Stat 2000: Tips for Assignment 11
Published: Sun, 03/25/12
The final exam seminar will be on Sunday, April 15, 2012 from 9:00 am to 9:00 pm.
Please click
this link for more information about the seminar and to register if you
are interested:
If you ever want to look back over a previous tip I have sent, do note that all my tips can be found in my archive. Click this link to go straight to my archive:
Did you miss my Tips on How to Do Well in this Course? Click here
Did you miss my Tips for Assignment 10? Click here
If you are taking the course by Distance/Online (Sections D01, D02, etc.), click here for my tips for your Assignment 11.
If you are taking the course by classroom lecture (Sections A01, A02, etc.), click here for my tips for your Assignment 11.
Tips for Assignment 11 (Sections A01, A02, etc.)
There is no Assignment 11 for the classroom lecture sections.
Study Lesson 8 in my book, if you have it, to prepare for this assignment.
In question 1, the joint distribution is simply the joint proportions found by
dividing the appropriate cell count by the Grand Total, and the marginal
distribution is the marginal proportions found by dividing the
appropriate row or column total by the Grand Total.
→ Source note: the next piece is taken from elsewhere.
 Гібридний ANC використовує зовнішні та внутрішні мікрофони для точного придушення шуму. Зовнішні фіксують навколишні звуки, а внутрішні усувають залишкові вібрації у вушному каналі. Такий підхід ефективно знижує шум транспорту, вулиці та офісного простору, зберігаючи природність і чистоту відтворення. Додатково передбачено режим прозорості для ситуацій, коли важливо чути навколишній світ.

I discuss this in more
detail at the start of Lesson 8 in newer editions of my book.
Question 2 is playing with
the concepts I discuss in question 4 of Lesson 8.
In question 3, the hypotheses are a matter of deciding are they doing a test for independence or a test for homogeneity, as I discuss in newer editions of my book.
Question 4. To enter this
data in JMP. Click New Data Table. You will need a total of three columns.
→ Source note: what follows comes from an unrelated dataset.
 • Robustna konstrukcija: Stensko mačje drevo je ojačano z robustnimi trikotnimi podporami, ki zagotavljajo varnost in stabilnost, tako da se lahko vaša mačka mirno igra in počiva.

Double-click Column 1 and name it "Music" and change the Data Type to
"Character" and the Modeling Type to "Nominal". Double click the space to the
right of the Music column to create a new column. Name that column "Movies" and
change the Data Type to "Character" and the Modeling Type to "Nominal". Double
click the space to the right of the Movies column to create a new column. Name
that column "Count" and keep the Data Type as "Numeric" but change the Modeling
Type to "Nominal".
Each row in the JMP data table is used to
enter the information for a particular cell of the two-way table. The first row
will represent the 1,1 cell; the second row will represent the 1,2 cell; etc.
For example, your 1,1 cell gives you the observed count for the young adults who
prefer Contemporary music and Action movies. In the JMP data table, in row 1
type "Contemporary" in the Music column, "Action" in the Movies column, and type
the given observed count in the "Count" column. Type the info for the 1,2 cell
into the second row of your JMP table. That is the observed count for the young
adults who prefer Contemporary music and Comedy movies, so you will type
"Contemporary" in the Music column, "Comedy" in the Movies column and the
observed count in the Count column. In the third row you will type Contemporary
in the Music column, Drama in the Movies column, and the observed count for the
1,3 cell in the Count column. Continue in this fashion all the way to the
sixteenth row where you will type "Rock" in the Music column, "Horror" in the
Movies column, and the observed count for the 4,4 cell in the Count
column.
You will notice that the first two columns
of the JMP table are used to specify which row and column of the two-way table
you are talking about, and the third column enters the observed count for that
particular cell.
Once you have entered in all the observed
counts, select Analyze, Fit Y By X. Select "Movies" and click "Y, Response",
select "Music" and click "X, Factor", and select "Count" and click "Freq".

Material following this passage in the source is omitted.